- **Source data**
# # # #

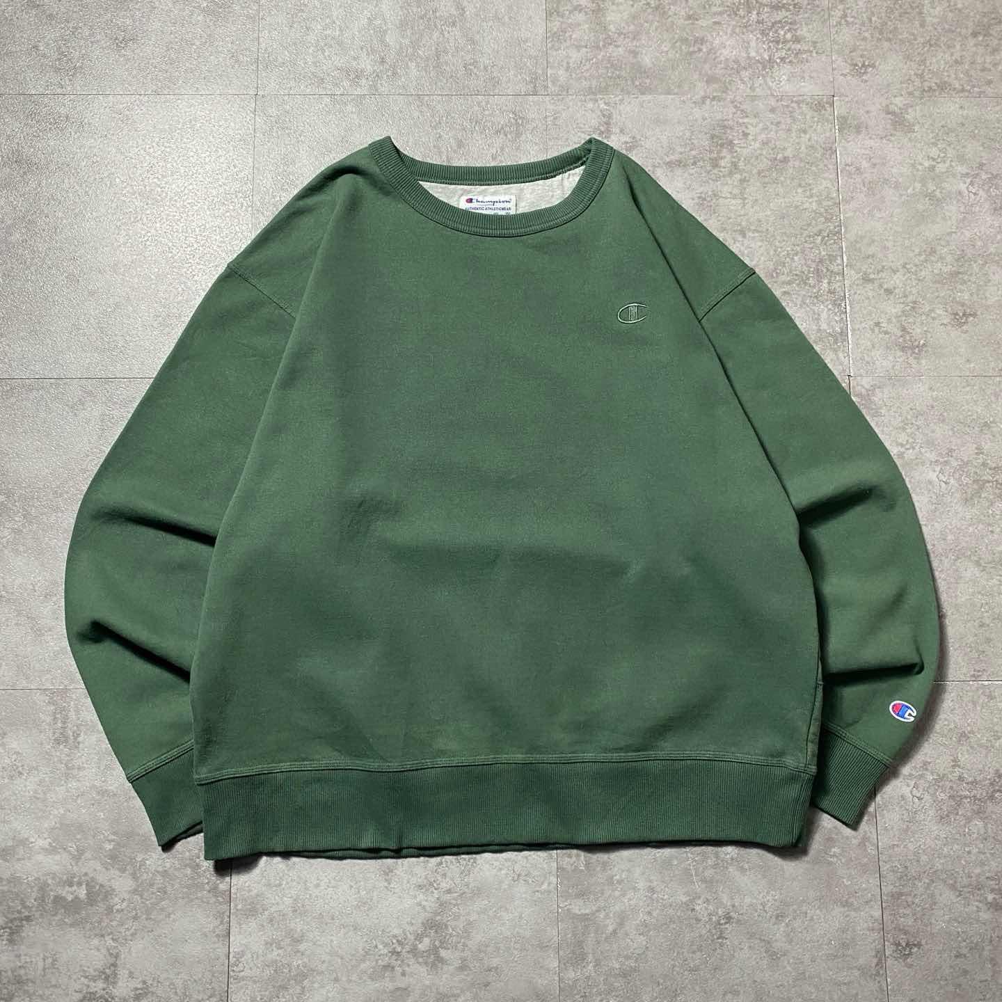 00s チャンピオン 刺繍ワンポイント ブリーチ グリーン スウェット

# # # #

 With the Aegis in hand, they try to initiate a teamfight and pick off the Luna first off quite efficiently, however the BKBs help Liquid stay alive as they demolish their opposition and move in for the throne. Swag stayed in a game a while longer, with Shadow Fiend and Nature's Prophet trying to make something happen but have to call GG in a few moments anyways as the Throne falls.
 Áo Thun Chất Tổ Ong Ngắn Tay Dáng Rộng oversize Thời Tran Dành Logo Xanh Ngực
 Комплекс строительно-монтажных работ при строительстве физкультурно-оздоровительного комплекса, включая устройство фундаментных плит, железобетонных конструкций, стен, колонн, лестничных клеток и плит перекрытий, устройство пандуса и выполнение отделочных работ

# # # #

- **Activity**
Only the lines above starting at the line that holds "Áo Thun Chất" and ending at the line that holds "Комплекс строительно-монтажных работ" are to be repeated, exactly and in full.

- **Task output**
 Áo Thun Chất Tổ Ong Ngắn Tay Dáng Rộng oversize Thời Tran Dành Logo Xanh Ngực
 Комплекс строительно-монтажных работ при строительстве физкультурно-оздоровительного комплекса, включая устройство фундаментных плит, железобетонных конструкций, стен, колонн, лестничных клеток и плит перекрытий, устройство пандуса и выполнение отделочных работ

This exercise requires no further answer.